Threads may wait for signals to become active on one or more Objects.
See [signals](/docs/concepts/kernel/signals.md) for more information.
## Waiting: Wait One, Wait Many, and Ports
A Thread may use [`zx_object_wait_one()`](/reference/syscalls/object_wait_one.md)
to wait for a signal to be active on a single handle or
[`zx_object_wait_many()`](/reference/syscalls/object_wait_many.md) to wait for
signals on multiple handles. Both calls allow for a timeout after
which they'll return even if no signals are pending.
Timeouts may deviate from the specified deadline according to timer
slack. See [timer slack](/docs/concepts/kernel/timer_slack.md) for more information.
If a Thread is going to wait on a large set of handles, it is more efficient to use
a Port, which is an Object that other Objects may be bound to such that when signals
are asserted on them, the Port receives a packet containing information about the
pending Signals.
See: [`zx_port_create()`](/reference/syscalls/port_create.md),
[`zx_port_queue()`](/reference/syscalls/port_queue.md),
[`zx_port_wait()`](/reference/syscalls/port_wait.md),
and [`zx_port_cancel()`](/reference/syscalls/port_cancel.md).
## Events, Event Pairs.
An Event is the simplest Object, having no other state than its collection of active Signals.
An Event Pair is one of a pair of Events that may signal each other. A useful property of
Event Pairs is that when one side of a pair goes away (all Handles to it have been
closed), the PEER_CLOSED signal is asserted on the other side.
See: [`zx_event_create()`](/reference/syscalls/event_create.md),
and [`zx_eventpair_create()`](/reference/syscalls/eventpair_create.md).
## Shared Memory: Virtual Memory Objects (VMOs)
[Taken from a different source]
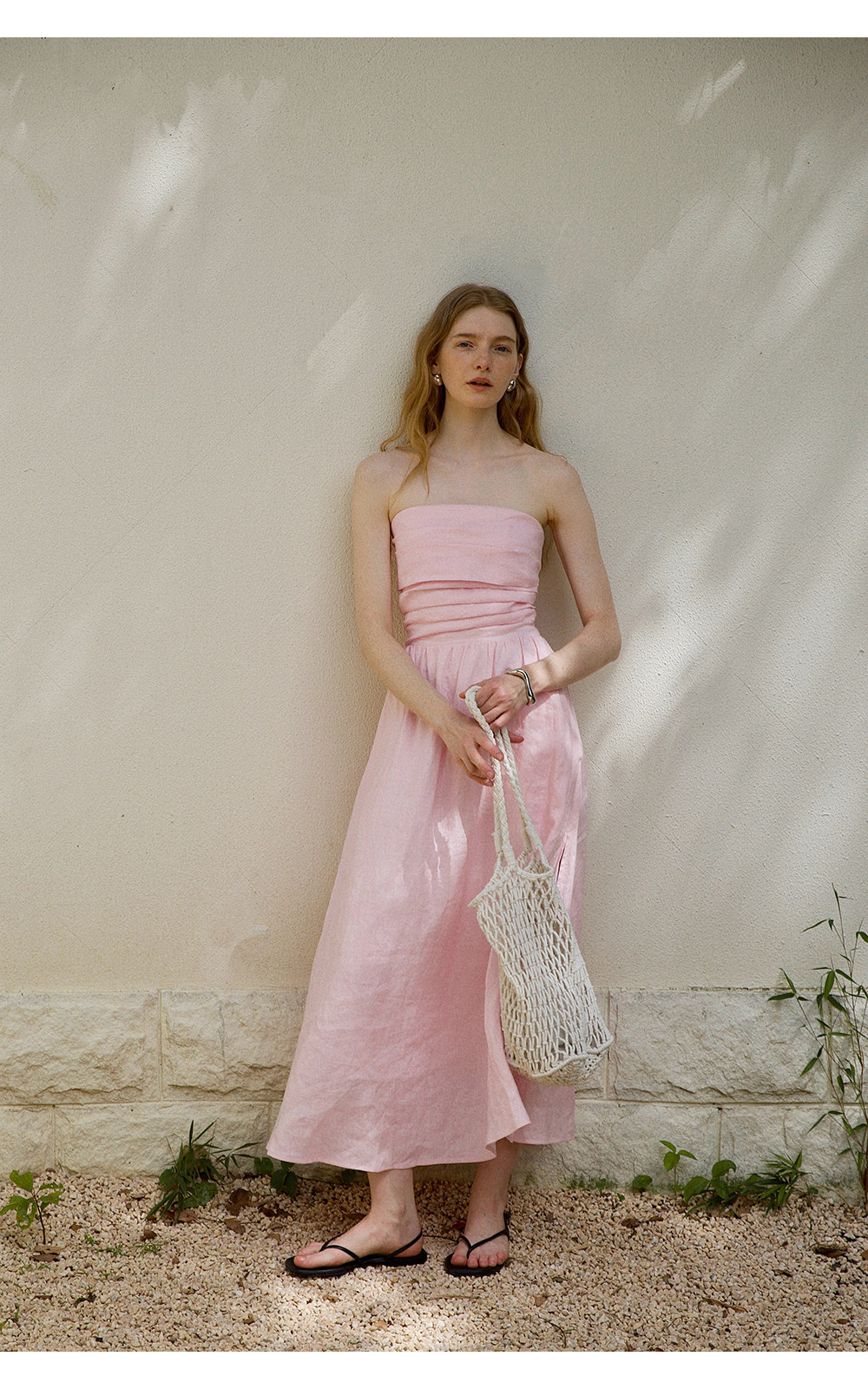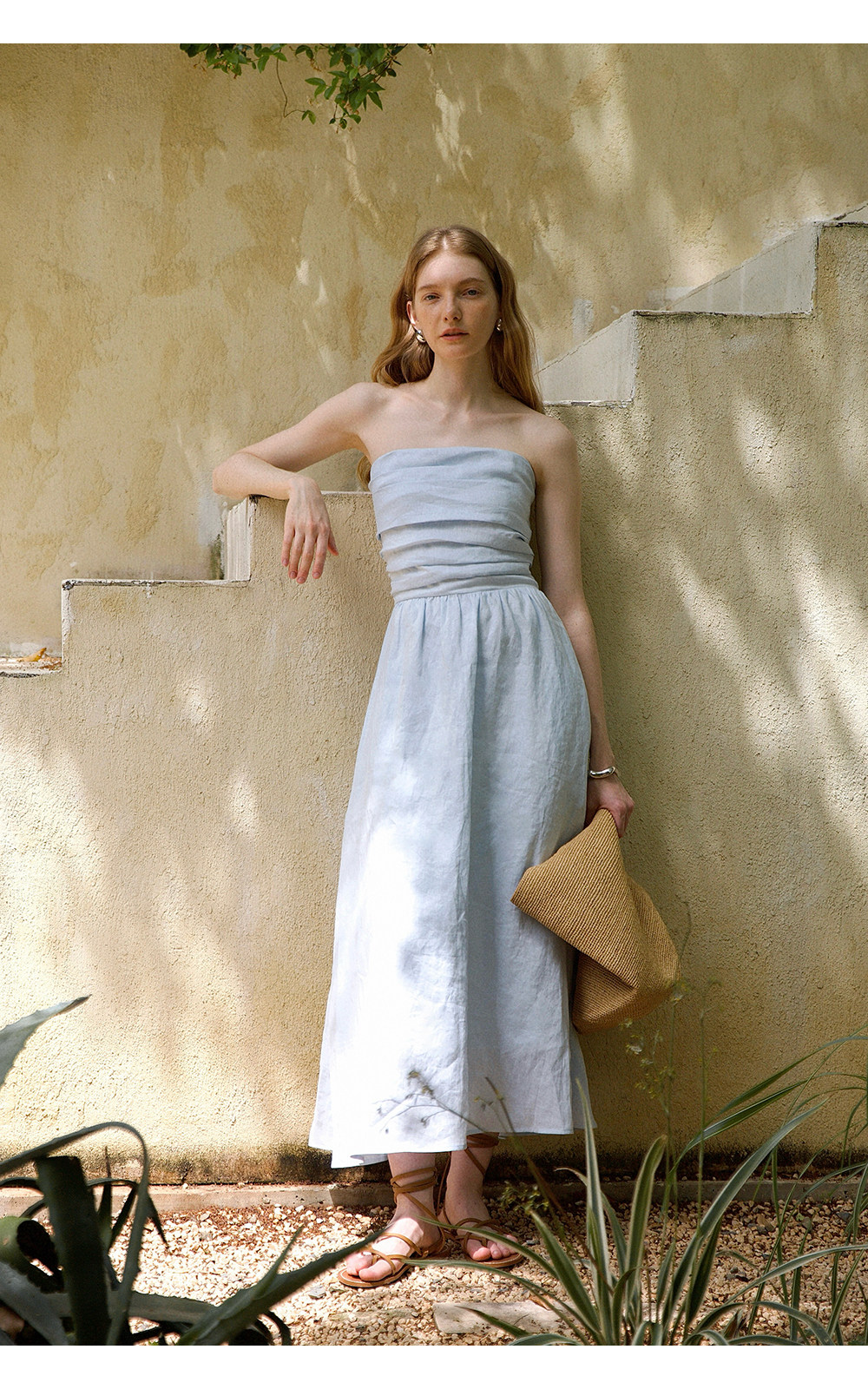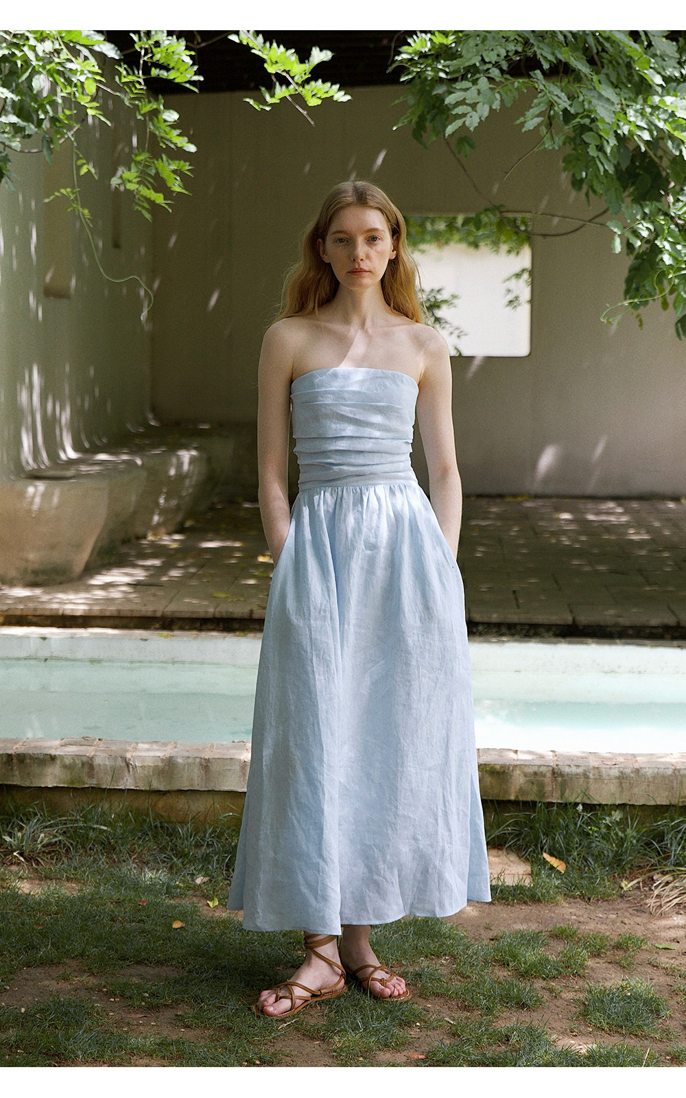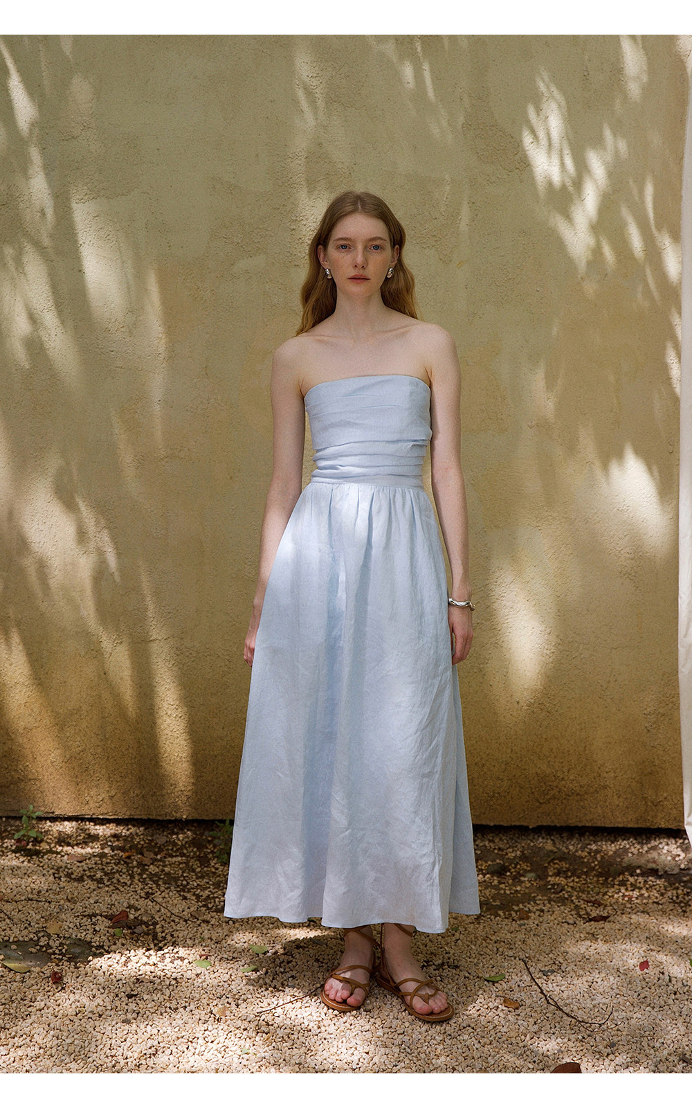 Countonme French Romantic/Full Linen Vacation Style Pleated Strapless Dress Slimming Slit Long Dress

Virtual Memory Objects represent a set of physical pages of memory, or the *potential*
for pages (which will be created/filled lazily, on-demand).
They may be mapped into the address space of a Process with
[`zx_vmar_map()`](/reference/syscalls/vmar_map.md) and unmapped with
[`zx_vmar_unmap()`](/reference/syscalls/vmar_unmap.md). Permissions of
mapped pages may be adjusted with [`zx_vmar_protect()`](/reference/syscalls/vmar_protect.md).
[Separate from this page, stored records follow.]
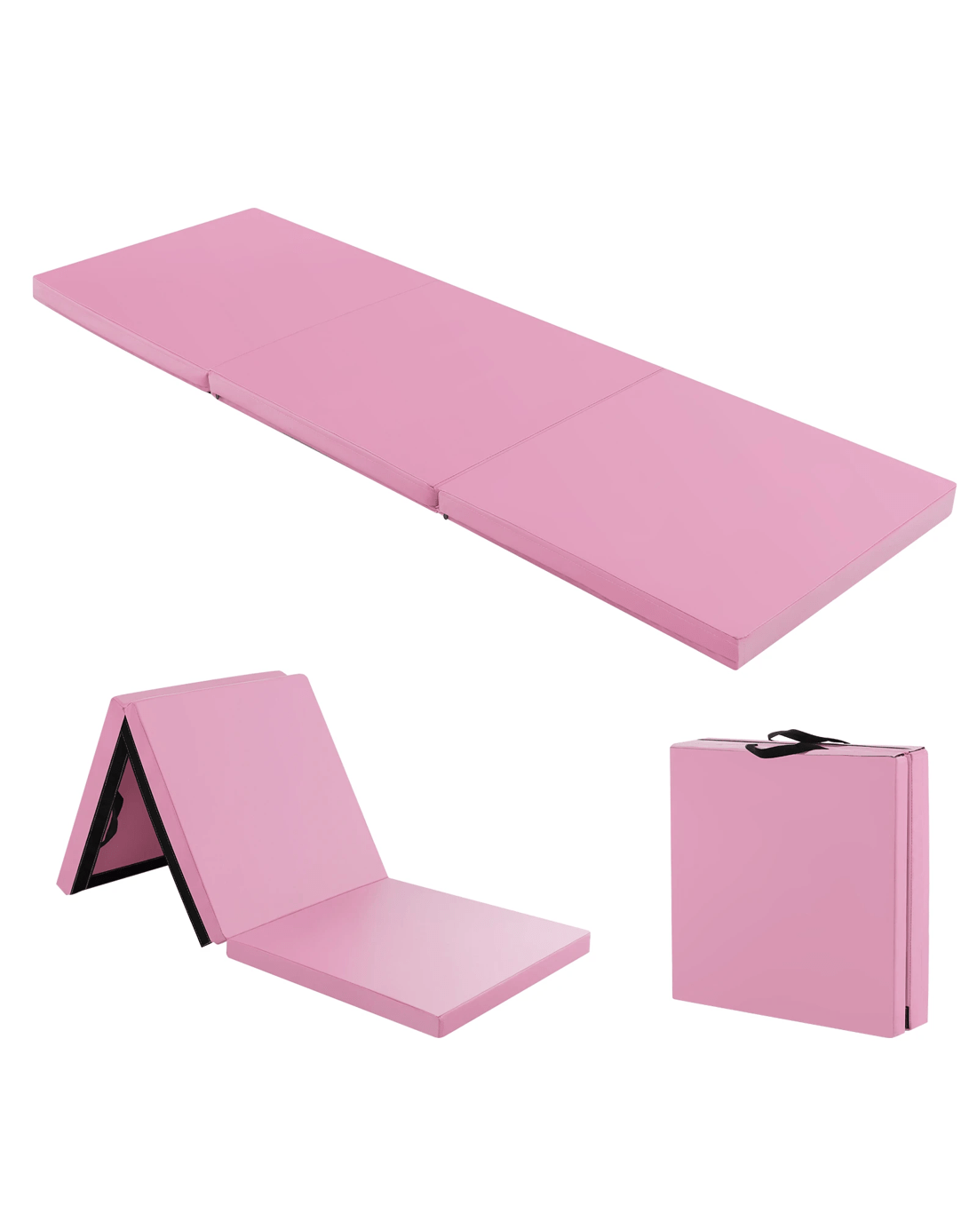 Costway 180x60cm Tri-Fold Gymnastics Mat PU Leather Floor Exercise Yoga Tumbling Mat w/Carry Strap - Pink
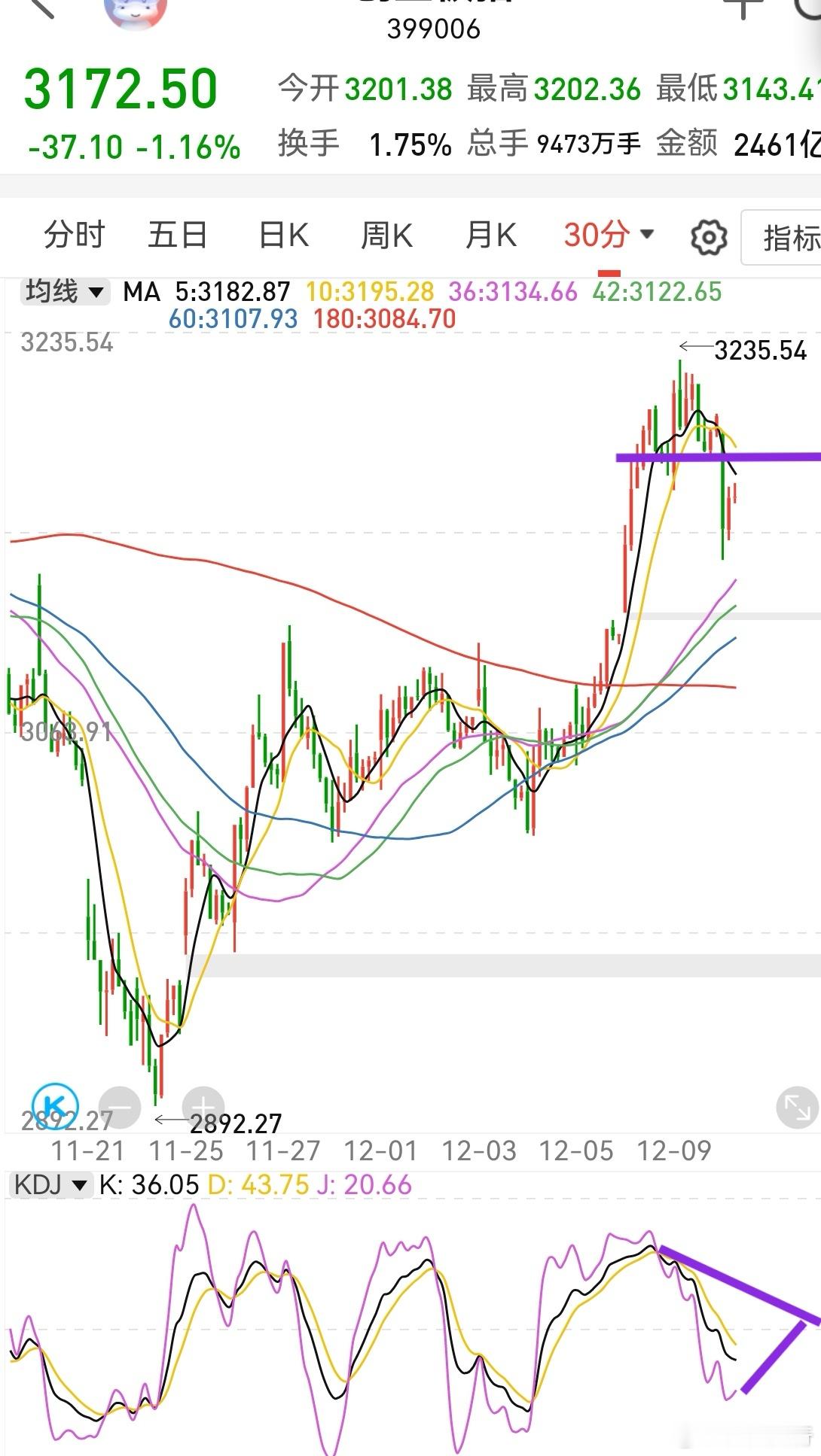市场很难操作,报团托指数,造成的就是个股失去方向,只有强者恒强逻辑。最近几年,A股似乎一直是强者恒强逻辑,缺乏价值逻辑。创业板不能很快收复3185,也就是早上收盘必须要站上,站不上这个位置,那么就是均线在收拢,就越来越走向这两天分析的结果。
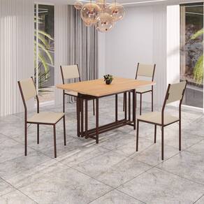 Este conjunto de mesa retangular e 4 cadeiras oferece estilo e praticidade. Com estrutura tubular em aço para estabilidade, o tampo em MDF cinamomo adiciona sofisticação e resistência a riscos e manchas. As cadeiras combinam harmoniosamente com a mesa, garantindo conforto com estofamento. Ideal para diversos espaços, é perfeito para receber convidados ou desfrutar de refeições em família, criando um ambiente acolhedor e elegante.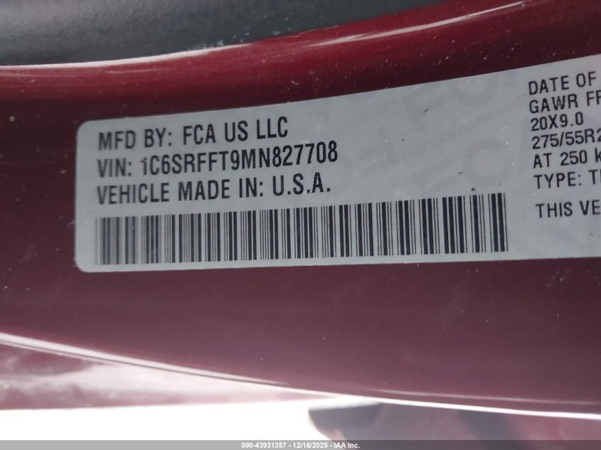 Цвет БургундияЦилиндры 8Привод Полный приводVIN 1C6SRFFT9MN827708Состояние СтационарноПовреждения Левая сторона AutoRIA

VMOs may also be read from and written to directly with
[`zx_vmo_read()`](/reference/syscalls/vmo_read.md) and [`zx_vmo_write()`](/reference/syscalls/vmo_write.md).
Thus the cost of mapping them into an address space may be avoided for one-shot operations
like "create a VMO, write a dataset into it, and hand it to another Process to use."
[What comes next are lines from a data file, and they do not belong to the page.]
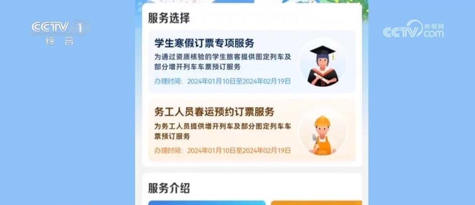 今年春運(yùn),鐵路部門推出預(yù)約購票和預(yù)填購票兩項(xiàng)購票新方式,預(yù)約購票功能專門針對學(xué)生和務(wù)工人員。符合條件的學(xué)生旅客(已通過學(xué)生優(yōu)惠資質(zhì)核驗(yàn)且有剩余優(yōu)惠乘車次數(shù))可通過“學(xué)生寒假訂票專項(xiàng)服務(wù)”專區(qū)預(yù)約購買春運(yùn)期間的火車票。已通過實(shí)名制核驗(yàn)的務(wù)工人員可通過“務(wù)工人員春運(yùn)預(yù)約訂票服務(wù)”專區(qū)預(yù)約購買春運(yùn)期間火車票。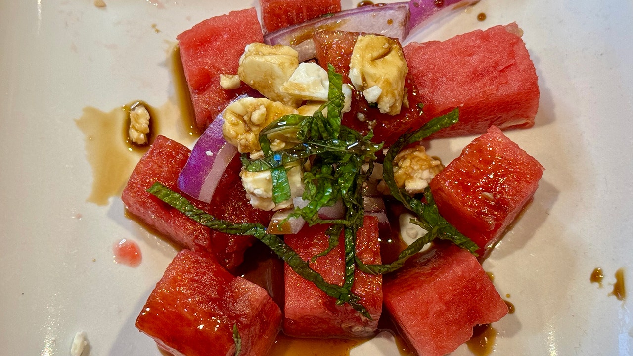 Cooper’s watermelon salad uses watermelon water -free cubes, chopped red onions, feta cheese, fresh mint and old balm vinegar. (Josh Cooper)
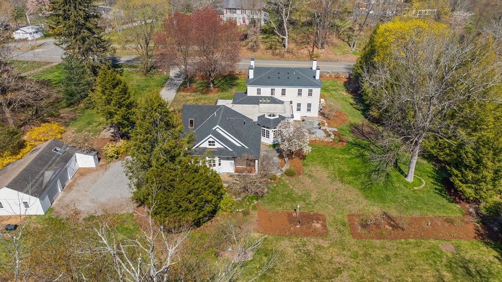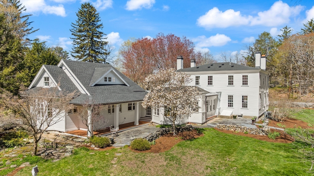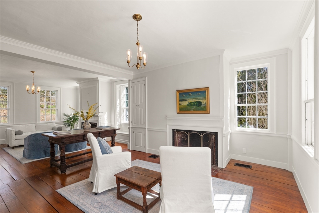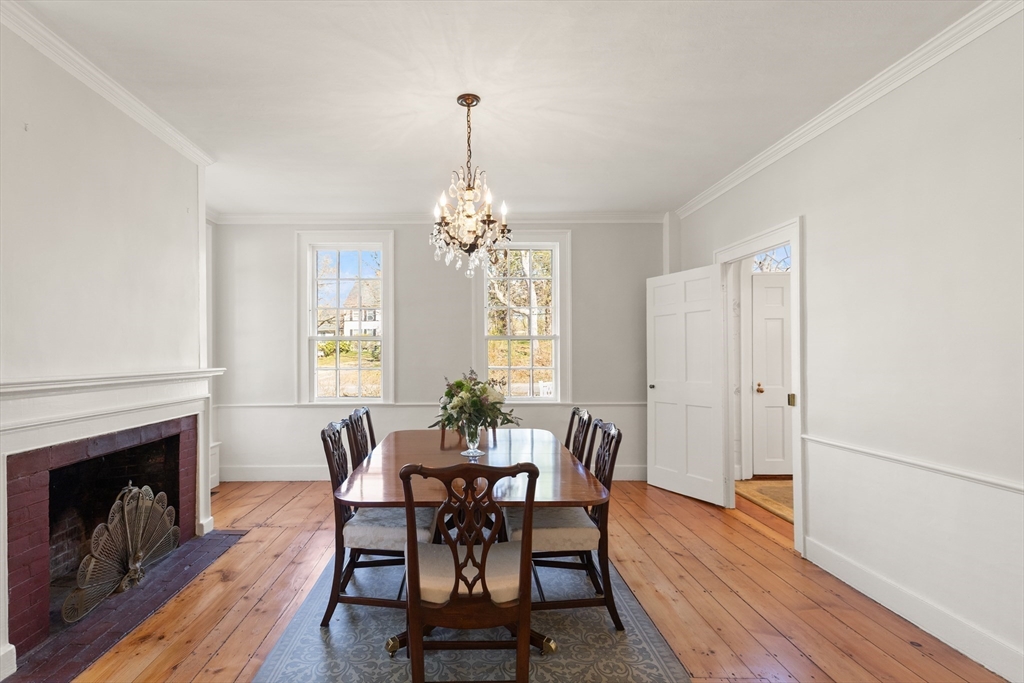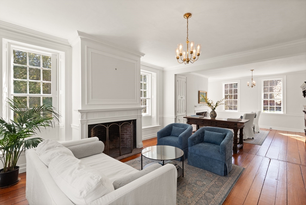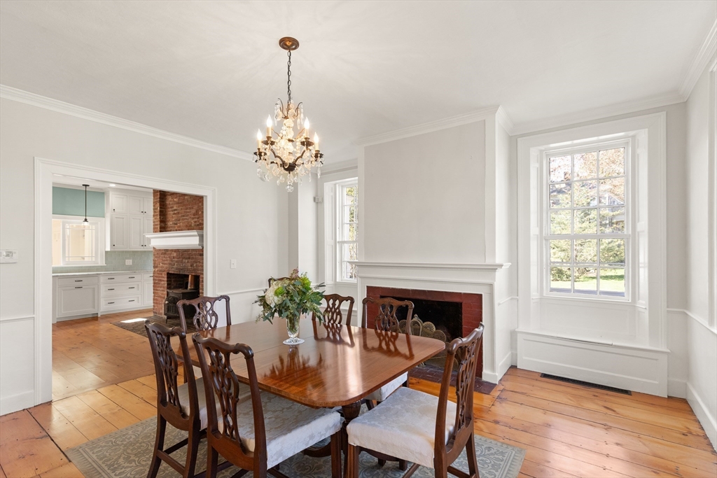 The Benjamin Coleman House, circa 1816, is a distinguished 5 bedroom, 3.5 bath Federal home set amid perennial gardens & mature landscaping. The home showcases exceptional architectural details: sweeping Good Morning staircase, original Federal mantels, wide pine floors, soaring ceilings, front entry w/leaded glass transom & original Indian shutters. A thoughtfully designed addition blends seamlessly w/the original home, featuring luxurious primary suite, private study/loft, turreted sunroom & dramatic rotunda. This beautiful home blends historic character w/modern comfort, featuring 8 fireplaces, remodeled kitchen w/marble countertops & stainless appliances, sunlit family room & generous sized bedrooms. Outside, the property offers a large, level backyard w/mature plantings & detached oversized 2 car garage complete w/artist or exercise studio. This remarkable property offers an opportunity to own a beautifully preserved historic home that pairs timeless elegance with modern living.

## Address Space Management
Virtual Memory Address Regions (VMARs) provide an abstraction for managing a
process's address space. At process creation time, a handle to the root VMAR
is given to the process creator. That handle refers to a VMAR that spans the
entire address space. This space can be carved up via the
[`zx_vmar_map()`](/reference/syscalls/vmar_map.md) and
[`zx_vmar_allocate()`](/reference/syscalls/vmar_allocate.md) interfaces.
[`zx_vmar_allocate()`](/reference/syscalls/vmar_allocate.md) can be used to generate new
VMARs (called subregions or children), which can be used to group together
parts of the address space.
See: [`zx_vmar_map()`](/reference/syscalls/vmar_map.md),
[`zx_vmar_allocate()`](/reference/syscalls/vmar_allocate.md),
[`zx_vmar_protect()`](/reference/syscalls/vmar_protect.md),
[`zx_vmar_unmap()`](/reference/syscalls/vmar_unmap.md),
and [`zx_vmar_destroy()`](/reference/syscalls/vmar_destroy.md),
## Futexes
Futexes are kernel primitives used with userspace atomic operations to implement
efficient synchronization primitives -- for example, Mutexes, which only need to make
a syscall in the contended case. Usually they are only of interest to implementers of
standard libraries. Zircon's libc and libc++ provide C11, C++, and pthread APIs for
mutexes, condition variables, etc, implemented in terms of Futexes.
See: [`zx_futex_wait()`](/reference/syscalls/futex_wait.md),
[`zx_futex_wake()`](/reference/syscalls/futex_wake.md),
and [`zx_futex_requeue()`](/reference/syscalls/futex_requeue.md).
[glossary.lk]: /docs/glossary/README.md#lk